Sky's pretty much the limit during layout if you vent each trap arm.

I easily spent twice as much time laying out a 2 bath rambler in Gulf Port, Miss as I did laying out a 6 bath McMansion here in Seattle.


----------



## Optimus Primer (May 20, 2009)

Widdershins said:


> You can if all of the trap arms are individually vented.
> 
> Sky's pretty much the limit during layout if you vent each trap arm.
> 
> I easily spent twice as much time laying out a 2 bath rambler in Gulf Port, Miss as I did laying out a 6 bath McMansion here in Seattle.


pffft, 6 bath. The main house has 14 water closets, 1 urinal, pool bath 3 water closets and 2 urinals, guest house 3 water closets. The pool is the largest residential pool in fl.


----------



## Widdershins (Feb 5, 2011)

house plumber said:


> pffft, 6 bath. The main house has 14 water closets, 1 urinal, pool bath 3 water closets and 2 urinals, guest house 3 water closets. The pool is the largest residential pool in fl.
> 
> View attachment 10817


----------



## Optimus Primer (May 20, 2009)

Pay attention to how much the ad was for them to put in the paper.

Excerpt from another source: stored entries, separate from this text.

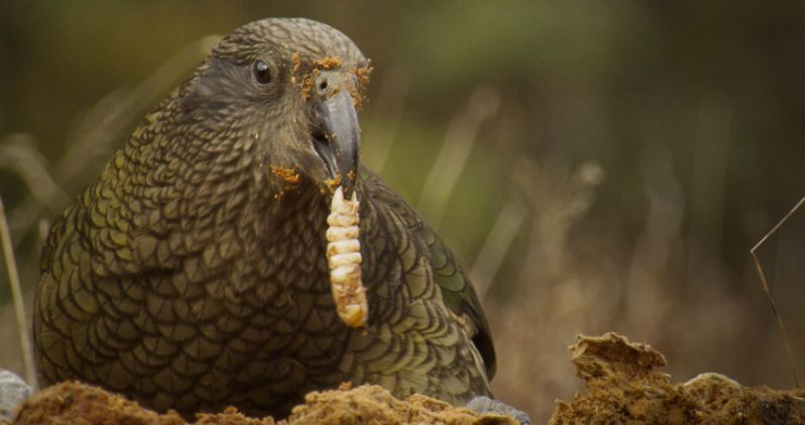 Keas sind Allesfresser. Sie lieben Insektenlarven ebenso wie Beeren und Blüten.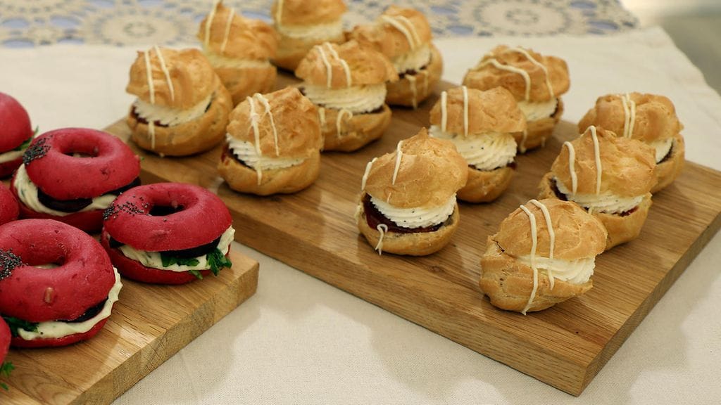TUULIHATTUJEN VALMISTUS: Mittaa kattilaan voi ja vesi. Kuumenna seosta ja anna voin sulaa. Kiehauta seosta kunnolla. Lisää seokseen vehnäjauhot ja kypsennä seosta samalla sekoittaen, kunnes taikina irtoaa kattilan reunoilta. Nosta kattila pois liedeltä ja anna jäähtyä hetki. Lisää hieman jäähtyneeseen massaan munat ja vatkaa huolellisesti käsivatkaimella. Lisää lopuksi leivinjauhe ja jatka vatkaamista hetken ajan. Pursota taikinasta leivinpaperin päälle 12 samankokoista tuulihattua (halkaisijaltaan noin 3cm). Paista 200°C uunin keskitasolla noin 25 minuuttia. Uuninluukkua ei saa avata paiston aikana! Anna jäähtyä.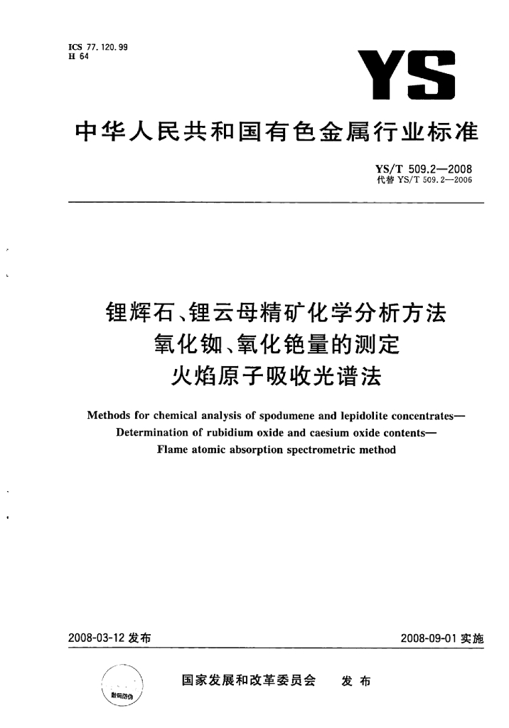 YS/T 509.2-2008 锂辉石、锂云母精矿化学分析方法氧化铷、氧化铯量的测定火焰原子吸收光谱法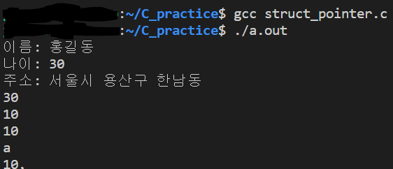 printf("%d\n",(*p1).age); //역참조 & dot notation으로 멤버접근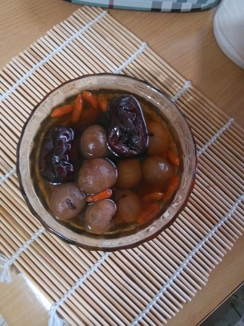 1:大红枣泡水里,用小刷子刷干净,桂圆去皮,块糖备好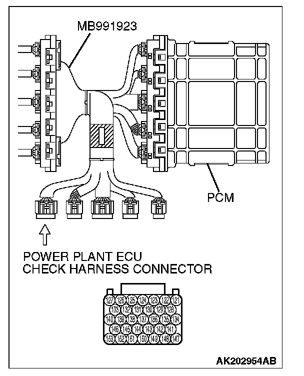 1. Disconnect all PCM connectors. Connect the check harness special tool (MB991923) between the separated connectors.

http://www.sptimes.com/2006/05/22/Business/Builder_gets_a_surpri.shtml


----------



## Redwood (Sep 8, 2008)

house plumber said:


> pffft, 6 bath. The main house has 14 water closets, 1 urinal, pool bath 3 water closets and 2 urinals, guest house 3 water closets. The pool is the largest residential pool in fl.


What I want to know is why did they build that place out in a swamp instead of on a waterfront property? :laughing:

Did the guy scrimp on cash when he was buying the property?


----------



## Optimus Primer (May 20, 2009)

It's not really a swamp it's just trees the seperate a golf course. It's really a neighborhood for the elite. He's just the only one that built there. His taxes are $180,000 a year. Matt Gyger used to own the property. he used to have bison in there so he would get a tax break on it.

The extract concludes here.